# Need to replace a windscreen- go to Middlehurst!



## alloy (Apr 29, 2005)

After a cracked windscreen on the way to Japfest last weekend I phoned around some 12odd companies to get a quote on a replacement, the default autoglass option was £1511 and quotes from other similar services varied between cheapest of £1238 - £1751

Middlehurst were £911, not only considerably cheaper but also confidence that the replacement would be OEM and not pattern glass and naturally these guys know the car!!

I can see clearly now :thumbsup:


----------



## Zed Ed (Oct 24, 2007)

Useful to know

Not covered on my insurance, but track days are.


----------



## sumo69 (Mar 31, 2008)

Ed

I am confident CCi include glass cover - just not on your track days.

Get your policy dusted off and check plz!

D

PS You haven't replied to my PM


----------



## Zed Ed (Oct 24, 2007)

Better check :thumbsup:

Got your PM, sorry for not responding, but just looking at the diary ..... aka how can I dress up a trip to CC, lol


----------



## Chris956 (Apr 11, 2010)

alloy said:


> After a cracked windscreen on the way to Japfest last weekend I phoned around some 12odd companies to get a quote on a replacement, the default autoglass option was £1511 and quotes from other similar services varied between cheapest of £1238 - £1751
> 
> Middlehurst were £911, not only considerably cheaper but also confidence that the replacement would be OEM and not pattern glass and naturally these guys know the car!!
> 
> I can see clearly now :thumbsup:


Nice Info ...... good post. 

Quick question though - Did the Nissan staff ACTUALLY do the windscreen change or did autoglass sneak in round the back ???? The reason I ask is I`ve had 2 windscreens done at main dealers and both times they said its easier for them to get an independant company in ???? ( Not Nissan I hasten to add )


----------



## David.Yu (Jun 28, 2001)

Zed Ed said:


> Useful to know
> 
> Not covered on my insurance, but track days are.


If you're with CCI, then windscreens are covered, but only up to £750 or some other inadequate figure. Glad both my 'screen claims were with other companies...

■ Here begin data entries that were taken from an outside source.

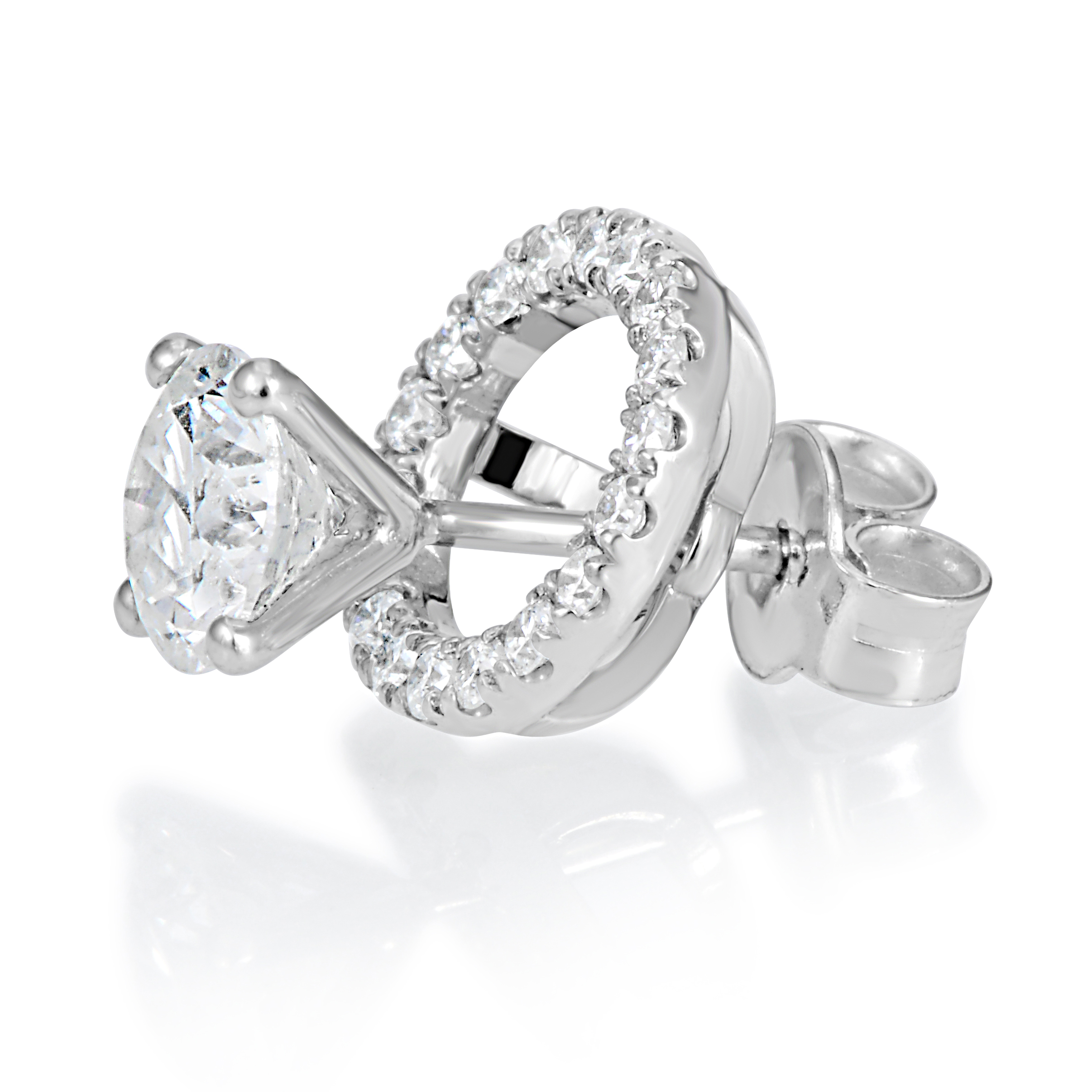 עגילי יהלומים עגולים אלגנטיים הילו, קלאסי. משובץ יהלומים עגולים עגולים במרכז ויהלומים מסביב רק שהפעם המשחק הוא שונה – בעגילי ג'ילו מתפרק את מקבלת 2 עגילים במחיר של 1! והמשמעות היא שאת יכולה לענוד אותו כעגיל סוליטר או לחבר אליו את ההילו ככה שתתאימי את העגילים ללוק שלך לאותו היום.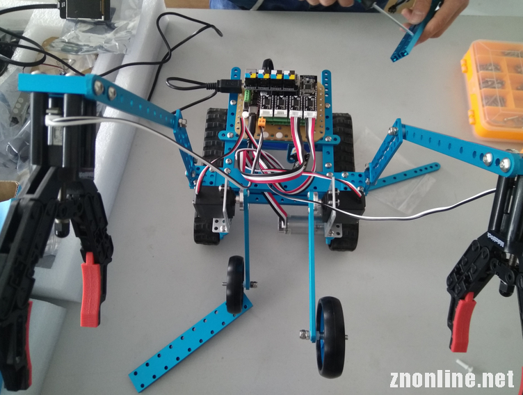 据了解,他们设计的这个按摩机器人身形小巧,长和宽各20厘米,高度可达30-40厘米。电源、线路、控制程序和接收模块等几个部分组成整个机器人的核心部位,电源和线路保证机器人正常运转,控制和接收部分是调解按摩机器人按摩力度的重要零件。按摩机器人以mBOt黑色小车作为底座方便移动,底座每边都装置两个小轮来保持稳定性,通过支架零件固定两个机械手和两个小轮,机械手设置在两侧部位,而用来“捶背”的小轮设置在中间部位,两种程序便可以同时运作,互不干扰运作。机械手模仿手臂运动,使机械手开合达到捏背的目的,机械手是按摩机器人的主要执行部件,通过按摩机器人的操作,可以选择捶背、捏肩或者又捶背又捏肩的程序,而小轮上下运动则是模仿捶背的动作。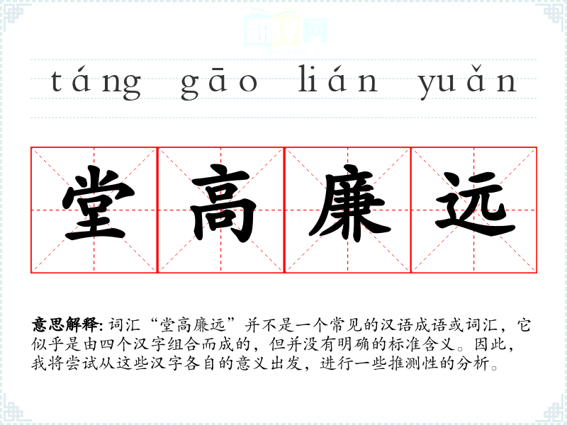 “堂高廉远”这个词汇虽然不常见,但通过对单个汉字的分析,我们可以推测它可能用来形容一种高尚、廉洁且有远见的品质。在语言学习和表达中,了解和掌握这样的词汇可以丰富我们的表达方式,但在实际使用时需要注意语境和创造性的解释。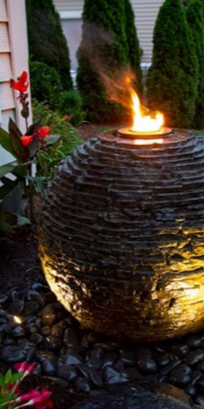 Your backyard paradise is not complete without the addition of fire. Aquascape Fire and Water features light up your landscape as a focal point in your water garden. Sit back, relax, and watch the flickering flames combine with flowing water to create a truly unique atmosphere.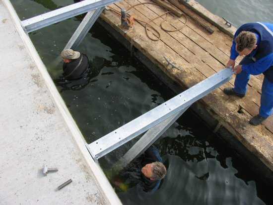 | 03.05.2005 - Nordhafen: Neubau Tagesliegerhafen und Instandsetzung des Kaiabschnittes 4 Unter der Wasseroberfläche müssen Taucher die Stützen verschrauben. Hier genügt nur ein Neoprenanzug ohne Taucherhelm. |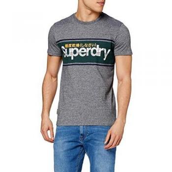 Superdry T-Shirt à Rayures Core Logo, Sergé Gris Academy, S Homme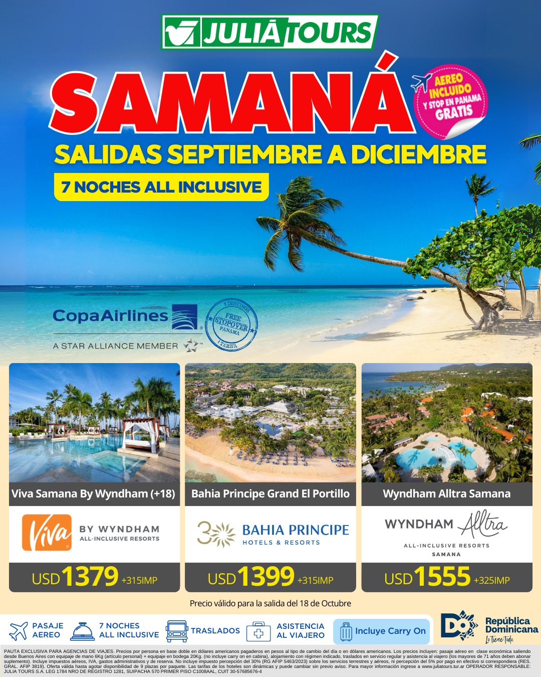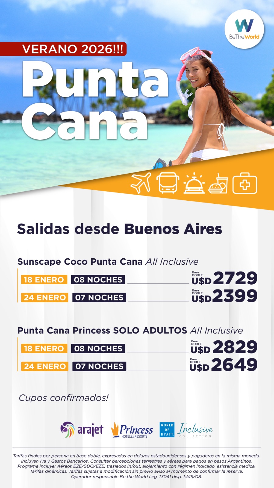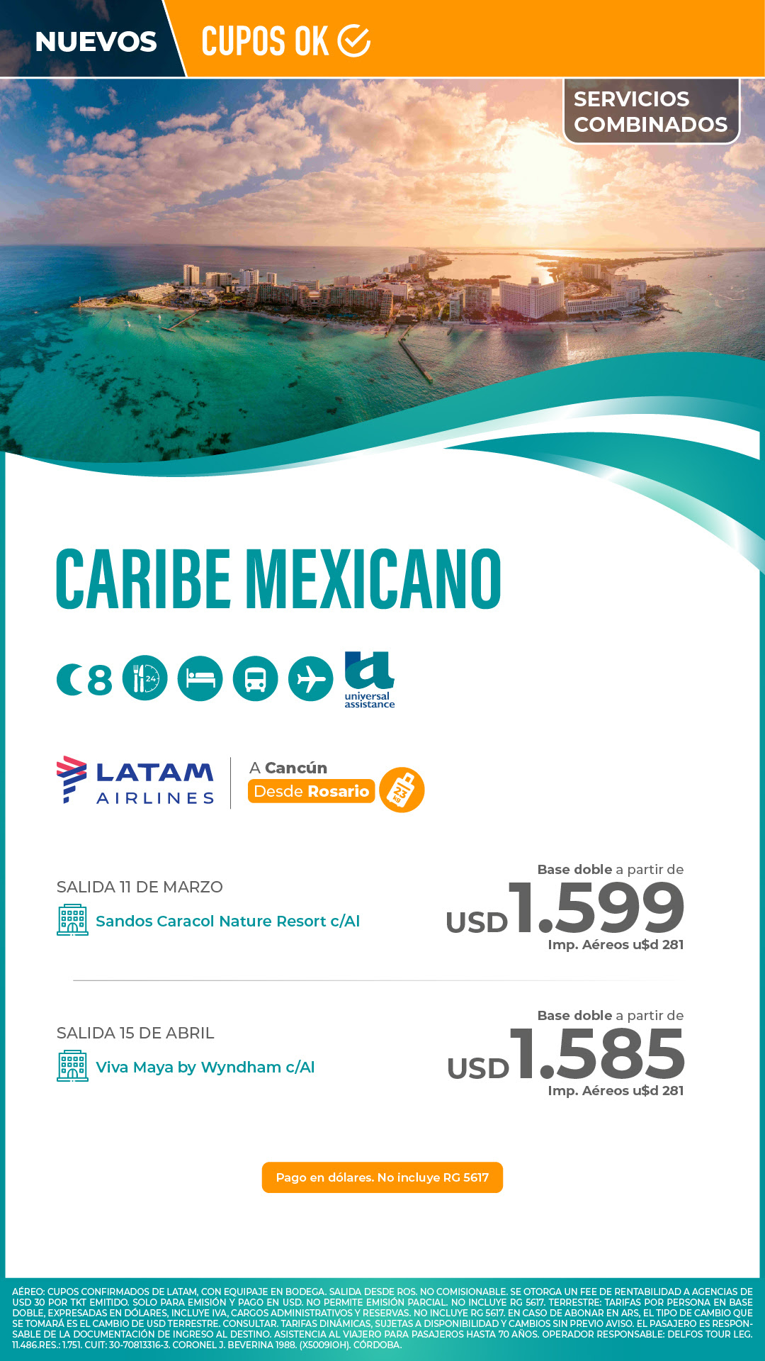 Tarifas en dólares por persona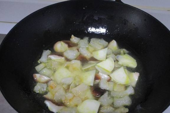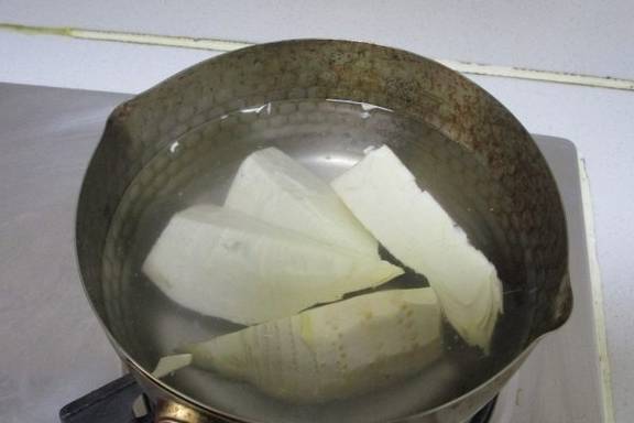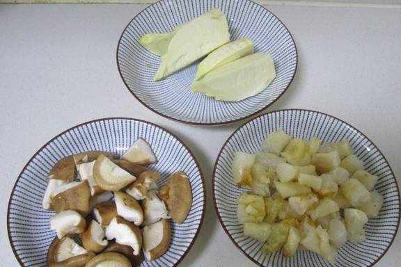 蹄筋要提前泡入清水裡至泡軟後撈起洗凈切段,香菇洗凈切片,冬筍去殼後切4塊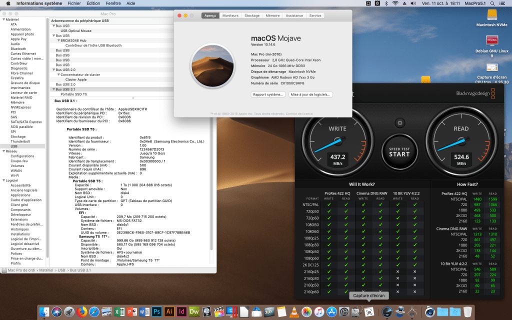 Les MacPro ont encore gagné quelques années de vie grâce à la possibilité d’y installer une carte PCIe Gigabyte Titan Ridge (attention, car sa sœur, l’Alpine Ridge n’est pas reconnue par la méthode ci-dessous) qui dispose de deux ports USB-C Thunderbolt 3.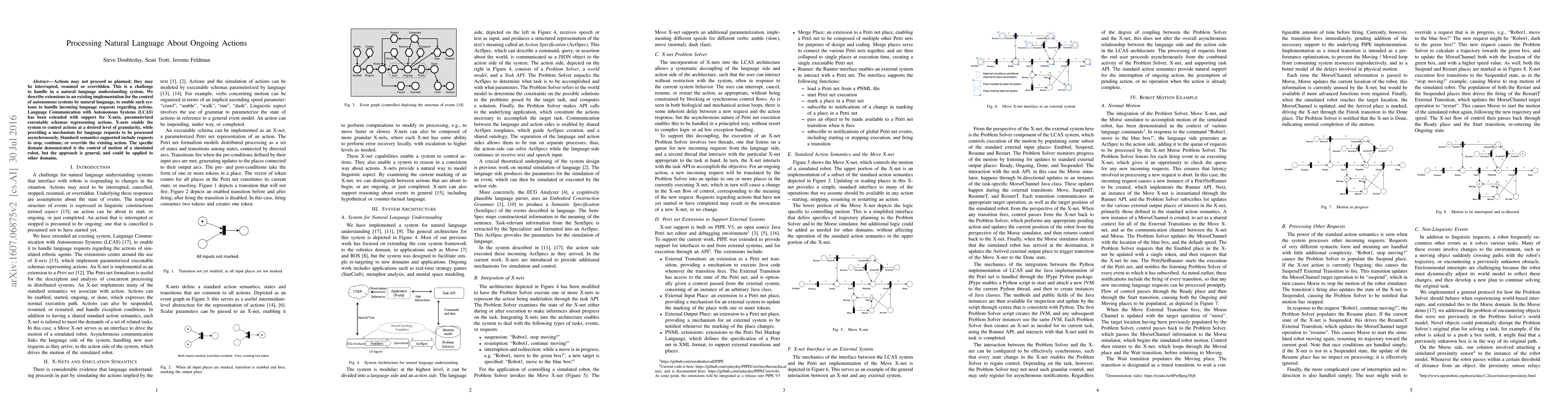 Actions may not proceed as planned; they may be interrupted, resumed or overridden. This is a challenge to handle in a natural language understanding system. We describe extensions to an existing implementation for the control of autonomous systems by natural language, to enable such systems to handle incoming language requests regarding actions. Language Communication with Autonomous Systems (LCAS) has been extended with support for X-nets, parameterized executable schemas representing actions. X-nets enable the system to control actions at a desired level of granularity, while providing a mechanism for language requests to be processed asynchronously. Standard semantics supported include requests to stop, continue, or override the existing action. The specific domain demonstrated is the control of motion of a simulated robot, but the approach is general, and could be applied to other domains.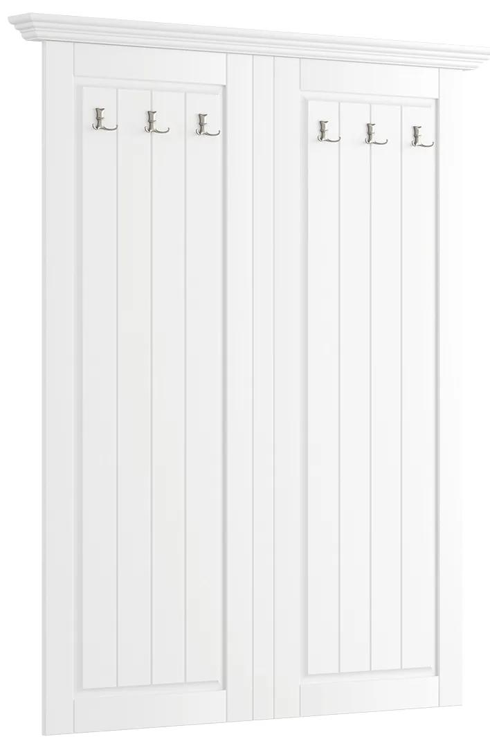 Pri zostavovaní dvojitého panelu s vešiakmi sme mysleli na úžitkový aspekt nábytku. Splní požiadavky veľkej rodiny alebo Vašich početných hostí. Bude sa hodiť na rodinné oslavy, ako sú meniny, narodeniny alebo sviatky. Panel vešiaka je vyrobený z prírodného borovicového dreva a natretý bielou vodou riediteľnou farbou s 85 % krycou schopnosťou. Vlákno a suky sú ľahko viditeľné cez farbu vytvrdenú UV žiarením. Estetické frézovanie a použitie konštrukcie založenej na vonkajšom ráme nám dáva záruku, že takýto veľký kus nábytku, ktorý je závesnou doskou, sa nebude prehýbať. Použitie dvojitých saténových vešiakov umožňuje zavesiť dvakrát viac odevov ako jednoduché vešiaky.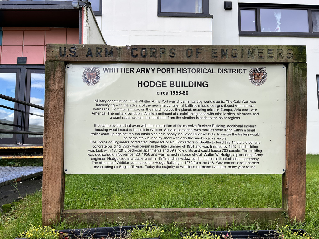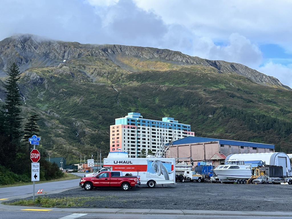 之后再开往惠蒂尔小镇,这是一个港口小镇;一条长约4公里的隧道是连接小镇于外界的通道,每年只有4月初到11月对外开放,11月后阿拉斯加进入寒冷的冬季,海水结冰,游轮无法通行,这个小镇就此进入冬眠状态,小镇居民共同生活在一栋14层楼的房子里,这栋房子里面有学校;医务室;邮局;商店;餐馆等一栋楼就是一个小世界,所以这里被称为全美最孤独的小镇

Incidentally, Alloy, why shop around? Surely your insurers pay out regardless?
Having said that, Middlehurst are a far safer bet than some companies.

Autoglass broke my A pillar trim that cost my insurers another £900!


----------



## Aerodramatics (Feb 10, 2008)

alloy said:


> ...
> 
> Middlehurst were £911, not only considerably cheaper but also confidence that the replacement would be OEM and not pattern glass and naturally these guys know the car!!
> 
> I can see clearly now :thumbsup:


...the rain has gone! :runaway:

£911 fitted... that's a cracking price! 

Well done Middlehursts, great job! I *know* where I'm taking my car if I get a cracked windscreen: MH all the way! :thumbsup:

I got £1000 cover standard on CCI... I believe some specialists standard quotes are for £500 windscreen cover but they will up it to £1000 if you ask.

Not found an insurer that offers more than £1K replacement cover (with trackday options too). I got quoted £1436 from National and £2151 from Autoglass (with a discount to £1500 when pressed) for a replacement so a sub-£1000 competitive offering is ace, imho. Long may it last ! :clap:


----------



## David.Yu (Jun 28, 2001)

Admiral didn't blink an eye at the extortionate £1600 Autoglass charged them for my first one, plus the £900 for the A pillar trim they cracked! :runaway:

You're right, CCI do cover £1000, so in that case, MH would have been a no-brainer. Long way to travel for some of us though, and concierge wouldn't have covered it...


----------



## alloy (Apr 29, 2005)

I'm not covered for glass on my policy (fleet) so that's why i was eager to ring round. Middelhurst is a bit of a drive but again i have family 20miles away so not an issue for me 

Anyway just thought i'd post the price up as it was exceptionally competitive and it may be of use to people in the future. Perhaps my one and only contribution to GTROC and indeed the internet as a whole....now back to my abusive ways


----------



## Zed Ed (Oct 24, 2007)

David.Yu said:


> If you're with CCI, then windscreens are covered, but only up to £750 or some other inadequate figure. Glad both my 'screen claims were with other companies...
> 
> Incidentally, Alloy, why shop around? Surely your insurers pay out regardless?
> Having said that, Middlehurst are a far safer bet than some companies.
> ...


Thanks

Windscreen thing a bit naff but CCI not all bad, as they just said they'd do me 650bhp for no additional premium.


----------



## alloy (Apr 29, 2005)

Zed Ed said:


> Thanks
> 
> Windscreen thing a bit naff but CCI not all bad, as they just said they'd do me 650bhp for no additional premium.


Time to sell the NISMO then


----------



## AndyE14 (Mar 22, 2010)

The cost to the insurance firm though is staggeringly less than it is to do the job privately. So just before switching to my first MY10 GTR I had the screen on my old 350z Roadster replaced. I tried getting straight quotes to just have it done myself and I was being given figures of about £1500. When I had Autoglass do the job on my insurance I signed the invoice to the insurance company and saw they were being charged something like £500 (I foregt the actual total but it was about that).

I presume that the volume they provide gets Autoglass in at a small cost plus margin rather than a margin of 200%+. Presumably Middlehursts get something from a third party supplier like this, they front up the replacement, rake off an element of profit and leave the core work and return to the windscreen replacement operator.


----------